Yes it was lucky… perhaps. Who will run the machinery? New trainees? What happened to the people, probably with decades of experience, who used to run it? What will be the cost to retrain and over the next many years regain the knowledge and creativity assets?
They should have thought about that long ago when they decided to move production to China. What would have happened if instead of trying to immediately capture a few bucks of savings on labor (offset by how much cash spent on inventory riding the high seas?) they had leveraged the knowledge of their employees to streamline operations using lean manufacturing methods? It might have saved some nightmares today.
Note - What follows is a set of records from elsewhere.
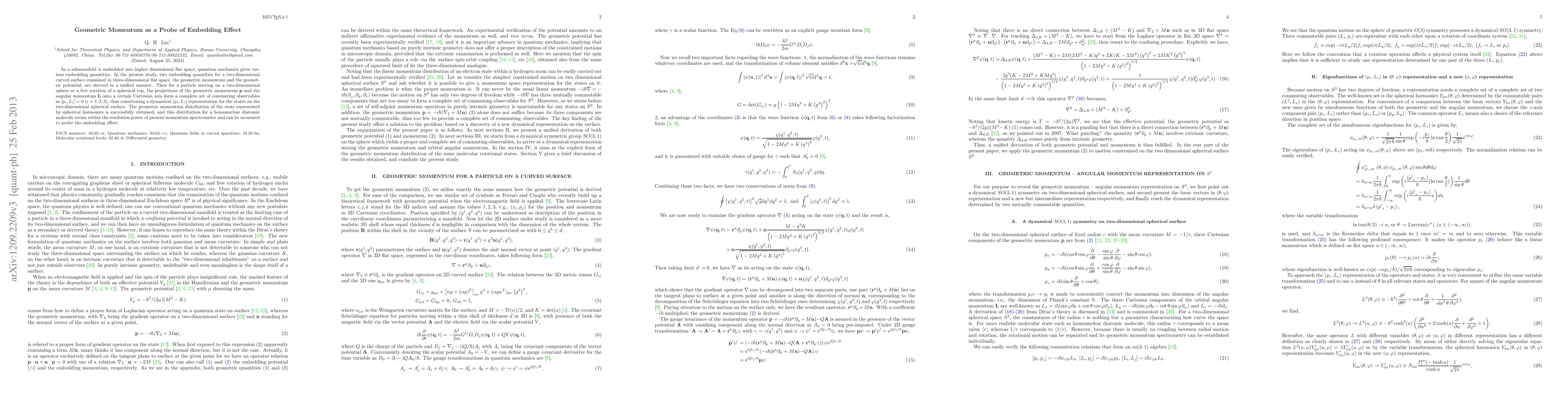 As a submanifold is embedded into higher dimensional flat space, quantum mechanics gives various embedding quantities, e.g., the geometric momentum and geometric potential, etc. For a particle moving on a two-dimensional sphere or a free rotation of a spherical top, the projections of the geometric momentum p and the angular momentum L onto a certain Cartesian axis form a complete set of commuting observables as [p_{i},L_{i}]=0 (i=1,2,3). We have therefore a (p_{i},L_{i}) representation for the states on the two-dimensional spherical surface. The geometric momentum distribution of the ground states for a freely rotating rigid rotor seems within the resolution power of present momentum spectrometer and can be measured to probe the embedding effect.
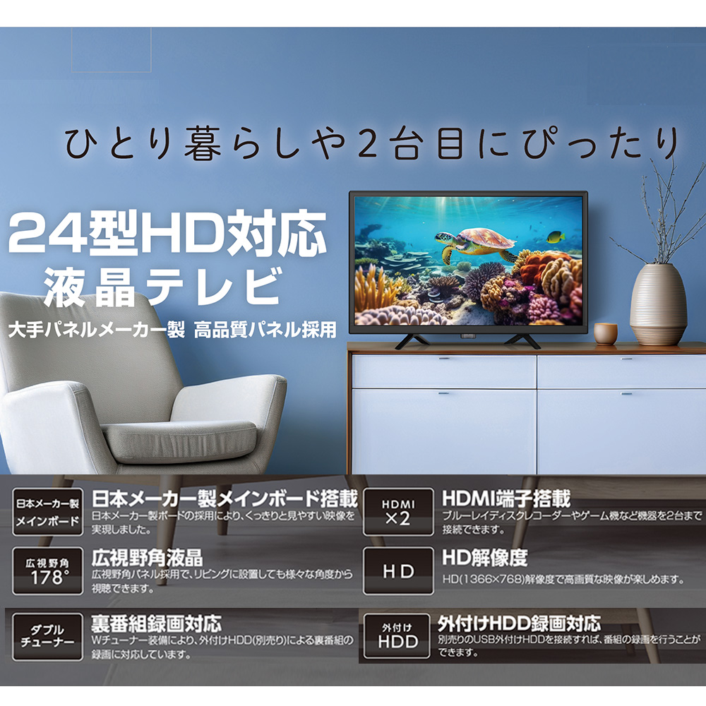 HD(1366×768)解像度で高画質な映像が楽しめます。
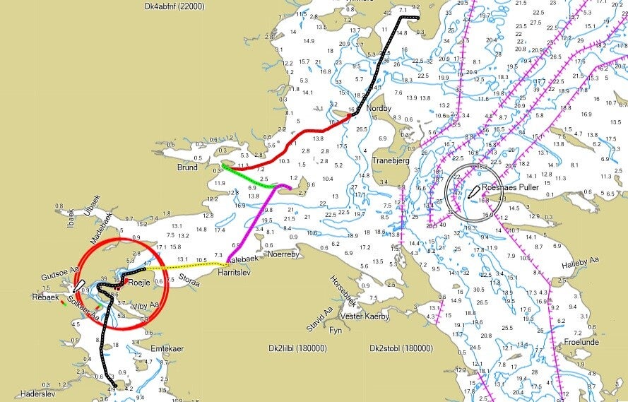 Vanmorgen om 06.00 uur vertrokken en richting de lange brug gevaren. Bij de brug hebben we de 2e opening (11 meter diep) vanaf de westkant genomen. Wij zij richting noorden gevaren tussen Maale en het onbewoonde eilandje Romsø door naar het eiland Samsø. Hier hadden we de hele weg 1km stroom mee. Waarschijnlijk komt het door het opgestuwde water van de laatste dagen wat terug stroomt via het Kattegat en het Skagerrak naar de Noordzee. In het open stuk hadden we deining vanuit het westen. Onderweg kwamen we het Amerikaanse oorlogsschip/bevoorradingsschip de USNS Patuxent tegen die richting het zuid-oosten ging. Aangemeerd in de haven van Ballen. Een mooie en gezellige haven.
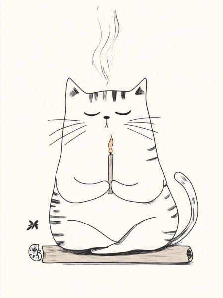 Un pequeño gato se sienta en meditación, sosteniendo una vela con los ojos cerrados. Las líneas simples y el fondo limpio transmiten serenidad, calma y una sensación de paz interior.
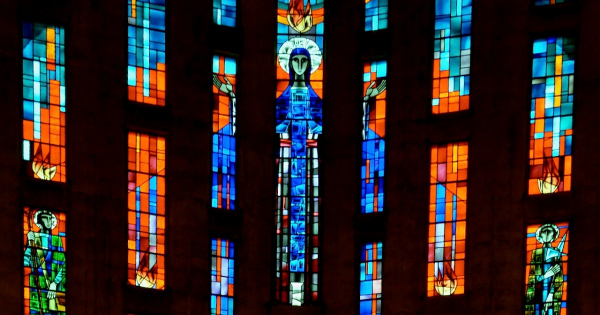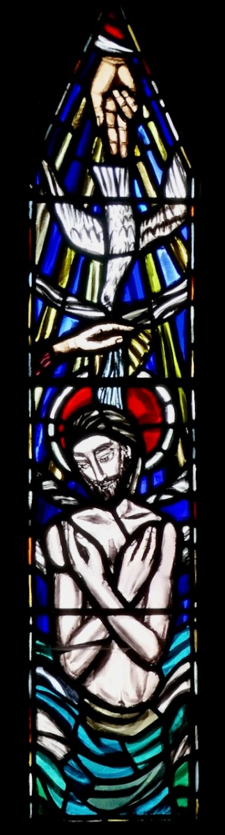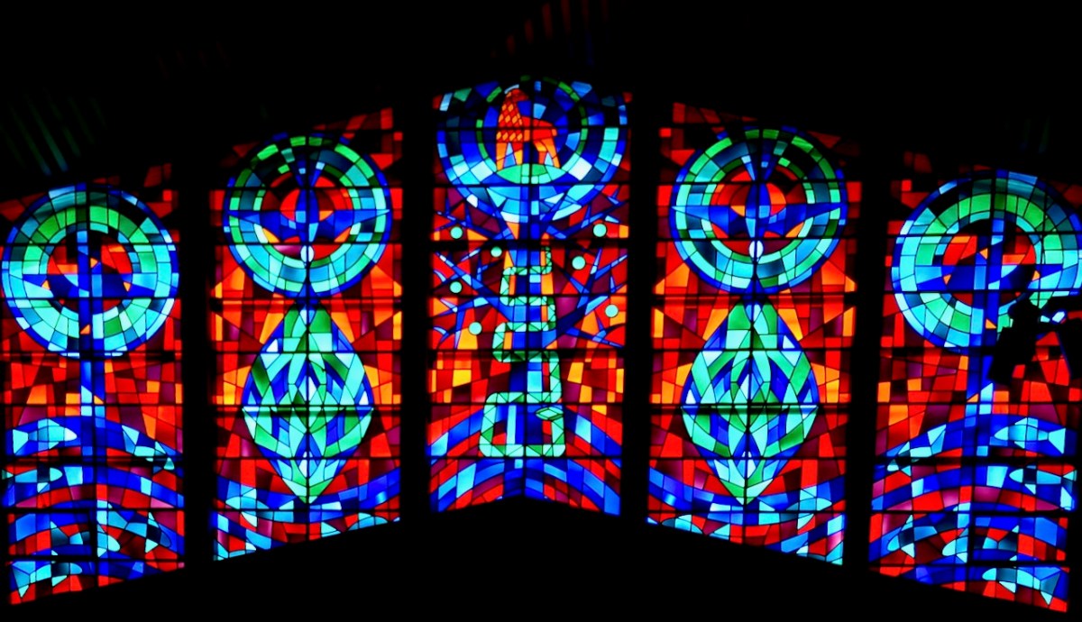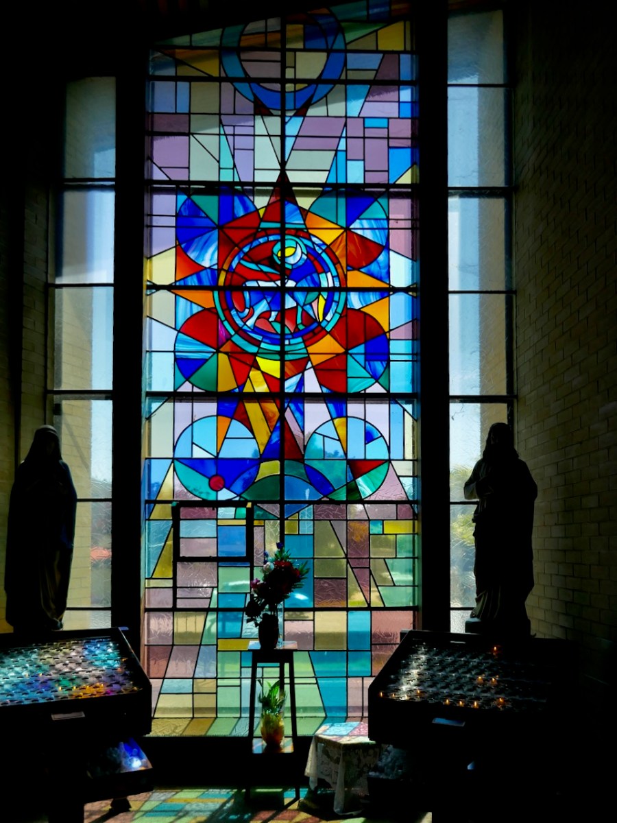 Secondly, you are immediately aware of being bathed in light and colour. There is a ‘lantern’ surrounding the central altar and this is the work of Helen Moloney. Here is David’s description:
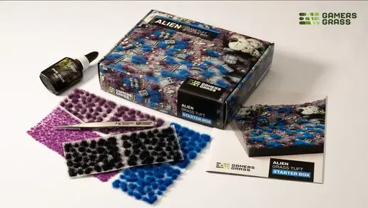 This Starter Box contains 4 full sheets of Grass Tufts, 1 Pair of Tweezers, 1 Bottle of PVA glue and 1 Basing Guide Booklet.
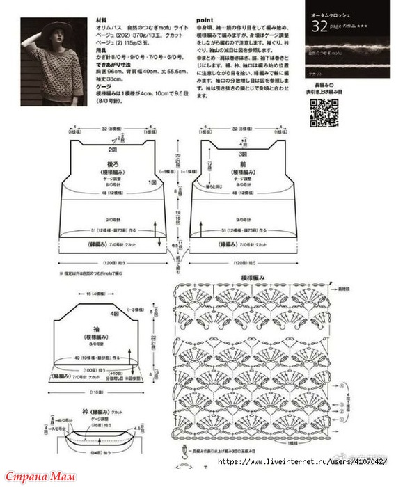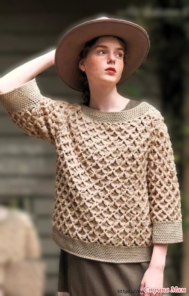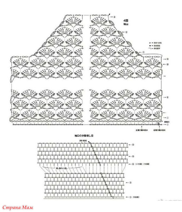 Тело, рукава... Начните с набора воздушной петли и провяжите узор, но будьте внимательны, так как плотность вязания будет меняться по мере вязания тела. Убавки на проймах, горловине и окате рукава указаны на схеме.
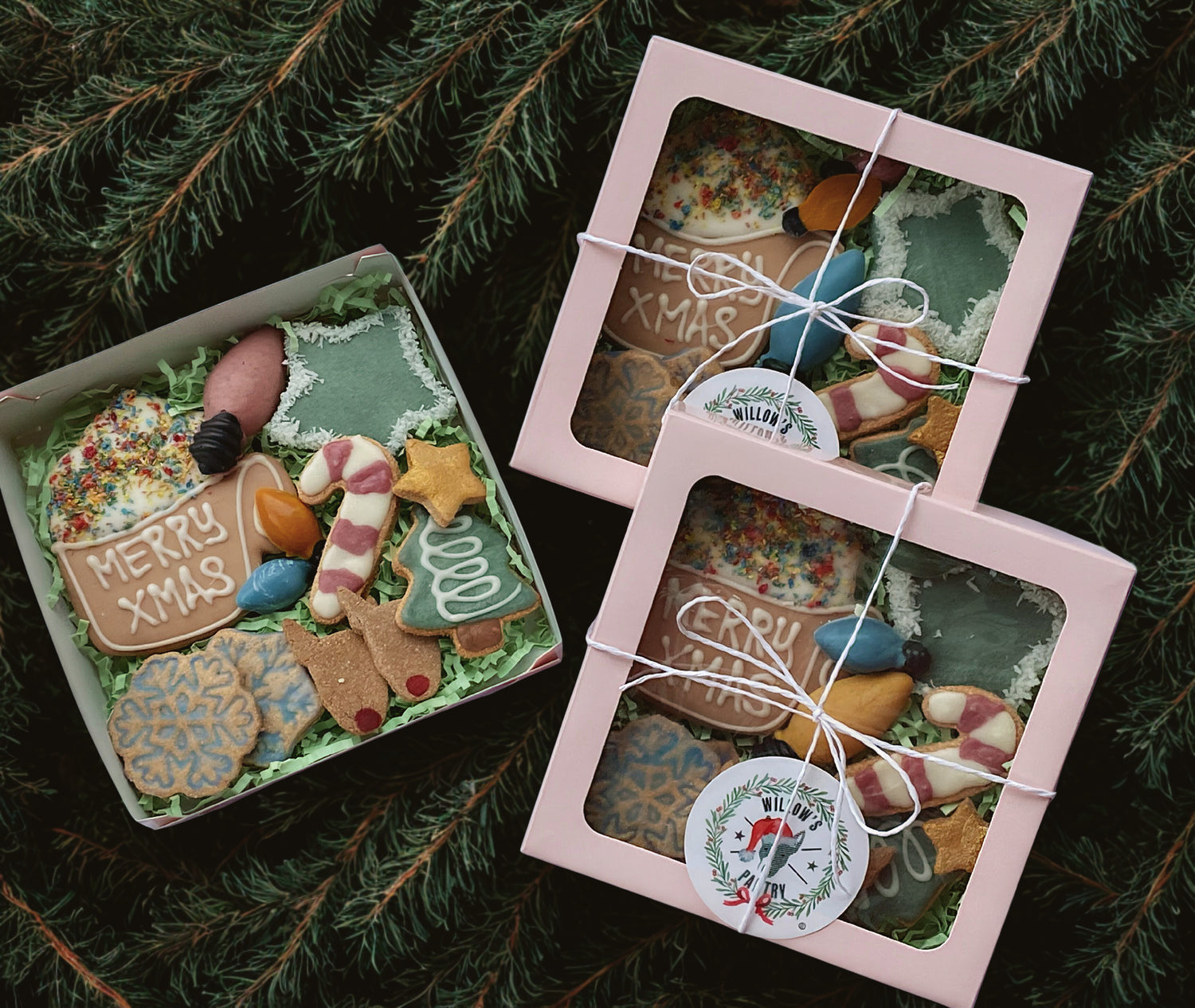 Assorted doggy shortbread with NAS yoghurt & carob buds, plant colours.

Don’t get me wrong. This is a good story. It’s always a good thing when companies wake up and realize it’s better to be closer to their markets, even if it took the wrong reason to stimulate the decision. However these companies still have a tough road ahead of them. They’ve been counting on the crutch of cheap labor, and now it is gone. Now they will have to compete with the companies that did not blindly chase low cost labor but instead focused on reducing the waste in their processes.
It won’t be easy bringing all the production back.
Already congested domestic transportation systems may have difficulty handling a sudden upswing in demand from manufacturers buying and moving more raw materials and other supplies over U.S. rails and highways.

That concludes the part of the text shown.